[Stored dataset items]
○ ○ ○
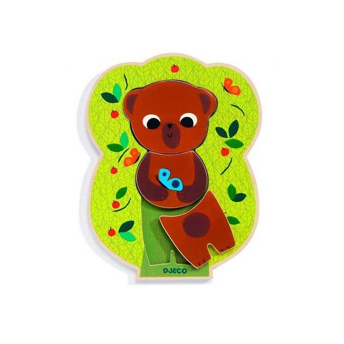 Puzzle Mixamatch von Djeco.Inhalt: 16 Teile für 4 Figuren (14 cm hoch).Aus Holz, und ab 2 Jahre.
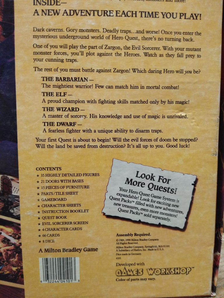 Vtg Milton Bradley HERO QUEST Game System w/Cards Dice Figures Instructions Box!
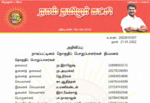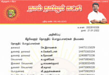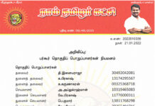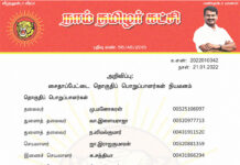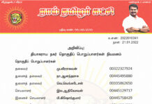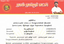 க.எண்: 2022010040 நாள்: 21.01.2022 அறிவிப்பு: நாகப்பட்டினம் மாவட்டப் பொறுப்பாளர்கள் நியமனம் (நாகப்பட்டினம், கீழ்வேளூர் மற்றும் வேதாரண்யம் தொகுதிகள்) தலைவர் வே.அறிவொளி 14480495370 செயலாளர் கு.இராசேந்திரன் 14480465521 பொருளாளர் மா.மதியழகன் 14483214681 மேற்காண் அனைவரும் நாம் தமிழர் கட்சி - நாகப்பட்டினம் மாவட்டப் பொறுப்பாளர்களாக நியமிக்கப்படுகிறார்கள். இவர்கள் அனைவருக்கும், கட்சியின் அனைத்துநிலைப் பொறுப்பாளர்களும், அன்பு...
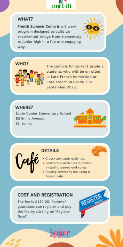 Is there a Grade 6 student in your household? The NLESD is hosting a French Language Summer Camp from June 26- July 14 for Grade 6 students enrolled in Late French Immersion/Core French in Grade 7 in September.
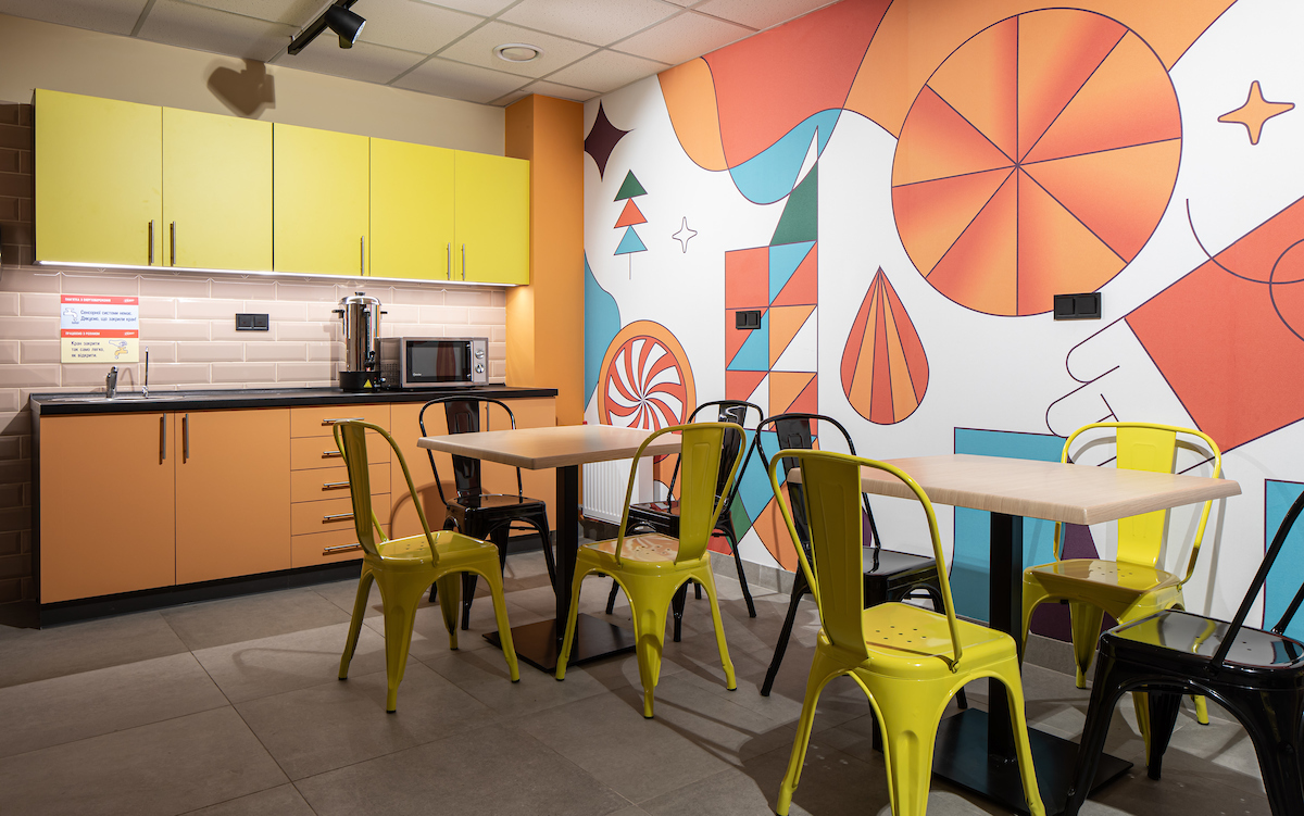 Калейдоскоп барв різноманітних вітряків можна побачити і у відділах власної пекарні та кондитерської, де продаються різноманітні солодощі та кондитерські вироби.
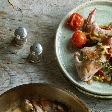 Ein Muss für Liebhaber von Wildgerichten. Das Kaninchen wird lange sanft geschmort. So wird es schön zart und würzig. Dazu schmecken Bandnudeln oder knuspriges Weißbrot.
○ ○ ○
[WHAT TO WORK ON] Please set down the records above word for word and omit their pictures.

[RESULT OF THIS EXERCISE]
 Puzzle Mixamatch von Djeco.Inhalt: 16 Teile für 4 Figuren (14 cm hoch).Aus Holz, und ab 2 Jahre.
 Vtg Milton Bradley HERO QUEST Game System w/Cards Dice Figures Instructions Box!
 க.எண்: 2022010040 நாள்: 21.01.2022 அறிவிப்பு: நாகப்பட்டினம் மாவட்டப் பொறுப்பாளர்கள் நியமனம் (நாகப்பட்டினம், கீழ்வேளூர் மற்றும் வேதாரண்யம் தொகுதிகள்) தலைவர் வே.அறிவொளி 14480495370 செயலாளர் கு.இராசேந்திரன் 14480465521 பொருளாளர் மா.மதியழகன் 14483214681 மேற்காண் அனைவரும் நாம் தமிழர் கட்சி - நாகப்பட்டினம் மாவட்டப் பொறுப்பாளர்களாக நியமிக்கப்படுகிறார்கள். இவர்கள் அனைவருக்கும், கட்சியின் அனைத்துநிலைப் பொறுப்பாளர்களும், அன்பு...
 Is there a Grade 6 student in your household? The NLESD is hosting a French Language Summer Camp from June 26- July 14 for Grade 6 students enrolled in Late French Immersion/Core French in Grade 7 in September.
 Калейдоскоп барв різноманітних вітряків можна побачити і у відділах власної пекарні та кондитерської, де продаються різноманітні солодощі та кондитерські вироби.
 Ein Muss für Liebhaber von Wildgerichten. Das Kaninchen wird lange sanft geschmort. So wird es schön zart und würzig. Dazu schmecken Bandnudeln oder knuspriges Weißbrot.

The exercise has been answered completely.